Statistical Methods
Links quantile statistics and mean absolute deviations: MAD-based shape metrics as integrals of the quantile function with clear geometry. Midpoint quadrature recovers IQR, Galton skewness, and Moore octile kurtosis; a C-Trapezoid rule cuts approximation error and supports closed-form, outlier-resilient parameter estimation (12.5% breakdown per tail).
We connect quantile functions and mean absolute deviations by deriving MAD-based shape metrics expressed as integrals of the quantile function, with a direct geometric reading. The framework covers distributions with finite mean, including cases without finite variance (e.g. Pareto). With midpoint quadrature, the construction recovers standard quantile-shape summaries (interquartile range, Galton skewness, Moore octile kurtosis). We introduce a C-Trapezoid quadrature rule (cubic endpoint extrapolation plus trapezoidal integration) that sharply lowers approximation error versus the midpoint rule on common distributions, and yields closed-form, non-iterative estimation formulas where no closed-form CDF exists — with stronger outlier resilience than MLE (12.5% breakdown per tail). Two case studies illustrate quick distributional shape assessment without specialized tooling.

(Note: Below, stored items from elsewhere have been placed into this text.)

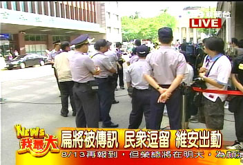 據(jù)臺灣媒體報(bào)道,特偵組所在地目前已經(jīng)有許多民眾守候。警方不敢大意,對在場的媒體及民眾進(jìn)行搜證,并使用金屬探測器沿街檢查。
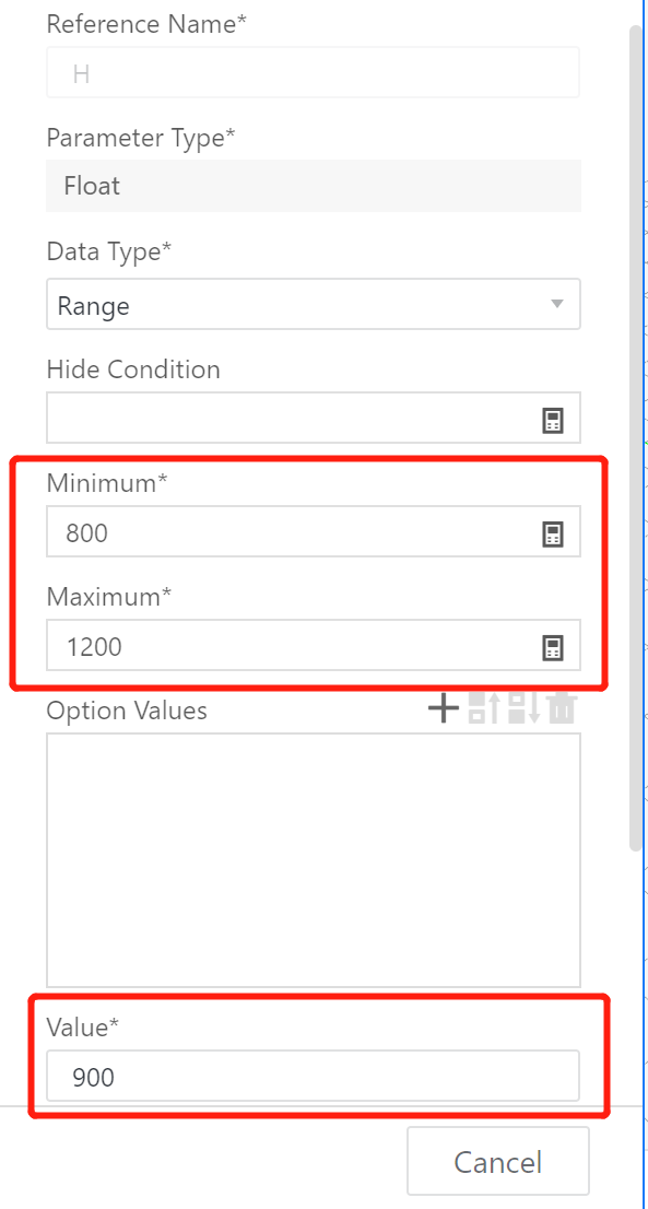 2.3. Height (H) - Represents the dimension along the Z-axis, with value type set to a range (e.g., range 800-1200, current value 900).
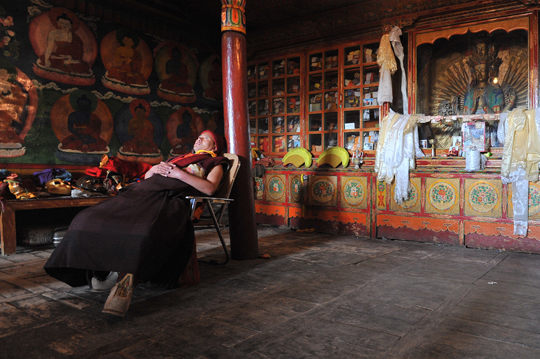 ゴンパ内を窓越しに覗くと。
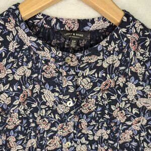 Lucky Brand round collar long sleeve pullover with decorative buttons at neck
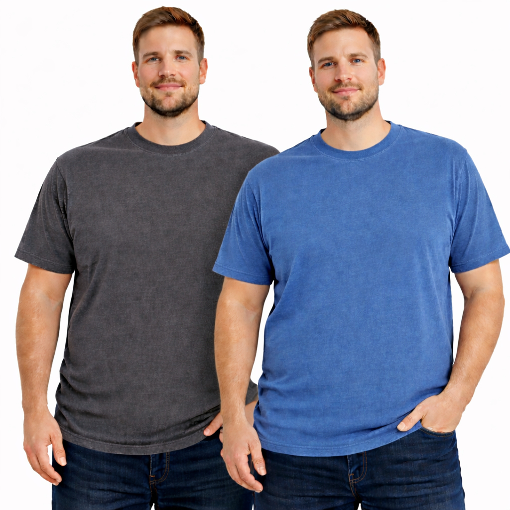 Kit 2 Camisetas Estonadas Plus Size Masculinas – 100% Algodão | Malha PremiumO Kit com 2 Camisetas Estonadas Plus Size Masculinas é ideal para quem busca conforto, qualidade e estilo no dia a dia. Produzidas em 100% algodão com malha premium, as camisetas possuem toque macio, ótima respirabilidade e excelente durabilidade. O processo de estonagem do tecido proporciona um visual moderno e levemente vintage, deixando cada peça com um estilo único. A modelagem plus size garante conforto e ótimo caimento para quem veste G2, G3 e G4. ⭐ Destaques do Produto ✔ Kit com 2 camisetas masculinas ✔ Modelagem Plus Size (G2 ao G4) ✔ 100% Algodão ✔ Malha Premium ✔ Tecido Estonado (visual moderno) ✔ Gola Redonda Canelada 👕 Características: Produto: Camiseta masculina estonada Material: 100% algodão Tecido: Malha premium Gola: Redonda canelada Modelagem: Plus size
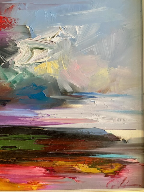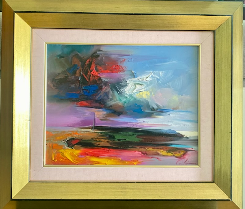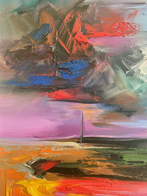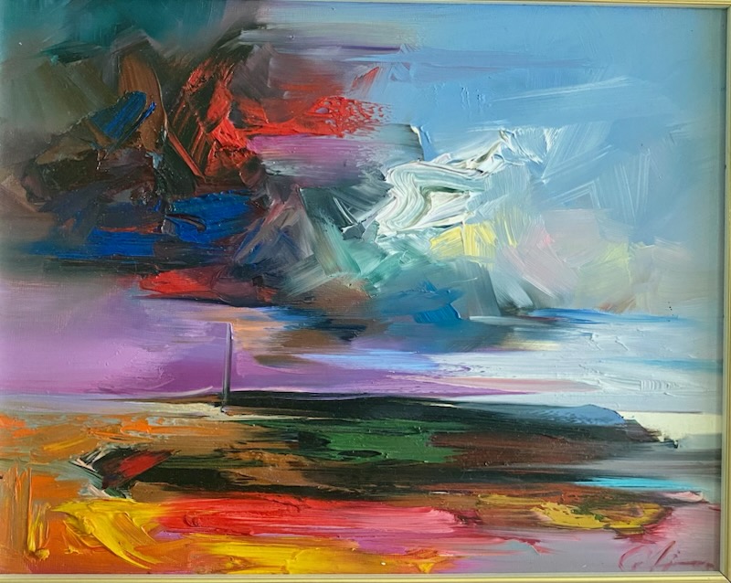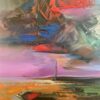 Oryginalny obraz olejny autorstwa Zdzisława Majrowskiego-Meyro to ekspresyjna, abstrakcyjna kompozycja pełna energii i intensywnych kontrastów kolorystycznych. Artysta operuje dynamicznymi pociągnięciami pędzla, tworząc sugestywny pejzaż na granicy figuracji i abstrakcji.
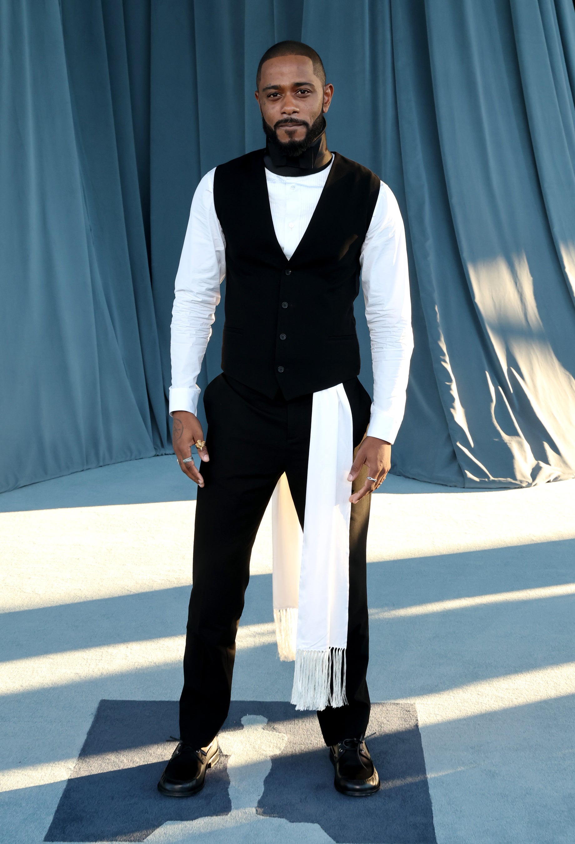 ラキース・スタンフィールドは、ブラックのコットンブレンドピケベスト、ホワイトコットンのポプリンシャツ、ブラックのウールパンツ、ホワイトのシルクスカーフ、ブラックのシルクノットネックバンドを着用し、ディオールのシューズを合わせました。
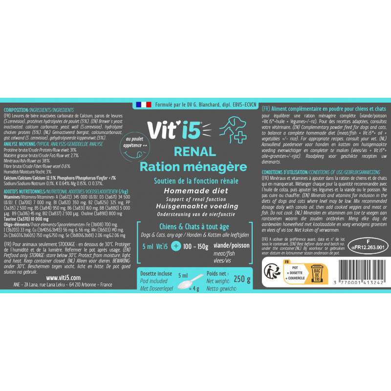 Formulé par le Dr G.Blanchard, Spécialiste en Nutrition Clinique Vétérinaire.

Can a single MAD-based family of distribution-shape metrics, expressed as integrals of the quantile function, recover the standard quantile-shape summaries as special cases — and can a simple cubic-endpoint quadrature rule approximate them accurately enough to yield closed-form, outlier-resilient parameter estimates for distributions that may lack a finite variance or an explicit CDF?
MAD-based shape metrics are derived as integrals of the quantile function with a direct geometric (subarea) interpretation. Midpoint quadrature over octiles is shown to recover the interquartile range, Galton skewness, and Moore octile kurtosis as special cases. A C-Trapezoid rule (cubic-polynomial endpoint extrapolation combined with trapezoidal integration) is introduced and its approximation error compared against the midpoint and rectangle rules across common continuous distributions, including heavy-tailed cases without finite variance (e.g. Pareto). Closed-form, non-iterative octile-based estimators are derived and contrasted with maximum likelihood, quartile fitting, and L-moment estimation, and illustrated with two case studies.